Incorrect result from count query

Bankde commented 7 years ago

OrientDB Version: 2.23

Java Version: 1.8.0

OS: freeBSD 10.3

I have encountered strange result during "count" query. Im not sure if this is actual bug or just my misunderstanding.

Expected behavior

count * and count rid should have equal number.

Actual behavior

These queries are in 2.2.23.

select count(@rid) from transactions  -  792743
select count(*) from transactions  -  1276958

I thought rid can never be null ? I even check if there is any record that rid is NULL but there is none.

select * from transactions where @rid is NULL  -  nothing

Then I realized we just upgraded ordb from 2.2.4 to 2.2.23. So I went back to query in 2.2.4 if it works correctly.

select count(*) from transactions  -  1276958
select count(@rid) from transactions  -  810532

Notice count(rid) result from v2.2.4 is not even equal to result from v2.2.23.

--

Steps to reproduce

I don't know how this happen.

luigidellaquila commented 7 years ago

Hi @Bankde

First of all, @rid can never be null, so the results are supposed to be the same.

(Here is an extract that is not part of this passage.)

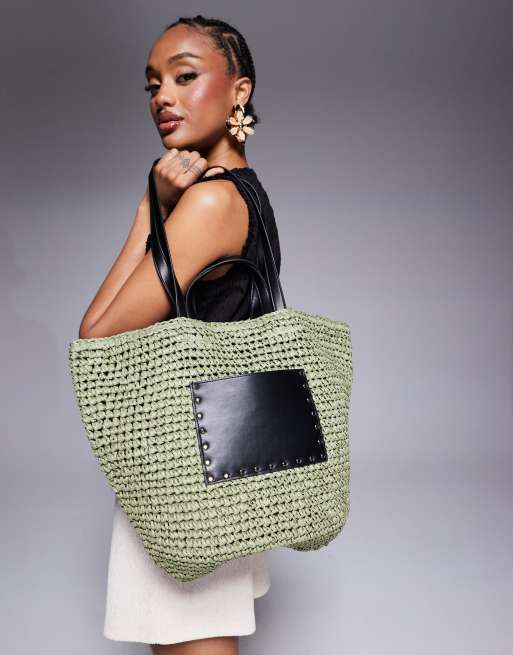 South Beach - Borsa shopping da spalla in paglia verde oliva con pannello in pelle sintetica

On the SQL executor there is an optimization so that select count(*) is calculated using a schema API, OClass.count(), while select count(@rid) is performed as a manual count. My guess is that you have some problems in the db (eg. wrong metadata on the class) but it's hard to say it without some debugging.

Do you think you can share a DB that has this problem? This will help a lot to find the root cause

Thanks

Luigi

Bankde commented 7 years ago

We could share a DB. However the DB is 1G in size, which method of file transfer do you prefer ?

By the way, do you think we can continue using this database ? and could you suggest a way to hotfix a DB ?

Thanks

luigidellaquila commented 7 years ago

Hi @Bankde

If you could send a link with Dropbox or GoogleDrive it would be awesome. It's hard to say if the DB is corrupted and if it can be repaired, but we'll do what we can ;-)

Thanks

Luigi

Bankde commented 7 years ago

Sure I will send you link when we're ready. It will take a while because database is not on my own computer.

I'm also concerned how could you access the database because we have password on it. Is there anyway to remove password from database ?

Bankde commented 7 years ago

Ok we have found that one of our test database also has this issues, it is much smaller. (but still we don't know exactly what happen; thus we can't reproduce it) Could you send me your mail address or any method that I can send you a link to GoogleDrive ?

luigidellaquila commented 7 years ago

Hi @Bankde

Please send it to l.dellaquila -at- orientdb.com

Thanks

Luigi

Bankde commented 7 years ago

DB, log, along with more details sent. Thank you.

luigidellaquila commented 7 years ago

Hi @Bankde

From what I see from the db, you have a problem with a cluster: the cluster metadata report the wrong size, but the data contained in it are correct.

The fix requires a little low-level modification of the cluster, there is no public API for this, so OrientDB team has to do a little change to the code to expose this functionality.

In the meantime, just for the record, did this problem happen on a single stand-alone node or are you running distributed?

Thanks

Luigi

andrii0lomakin commented 7 years ago

HI, @Bankde are you absolutely sure that you did not have issues with the database before the update to 2.2.23? Before 2.2.15 versions we had a bug when some pages are only partially flushed, your issues looks exactly the same for the first glance?

Bankde commented 7 years ago

It's single stand-alone node. I don't think my team ever touch any distribute feature.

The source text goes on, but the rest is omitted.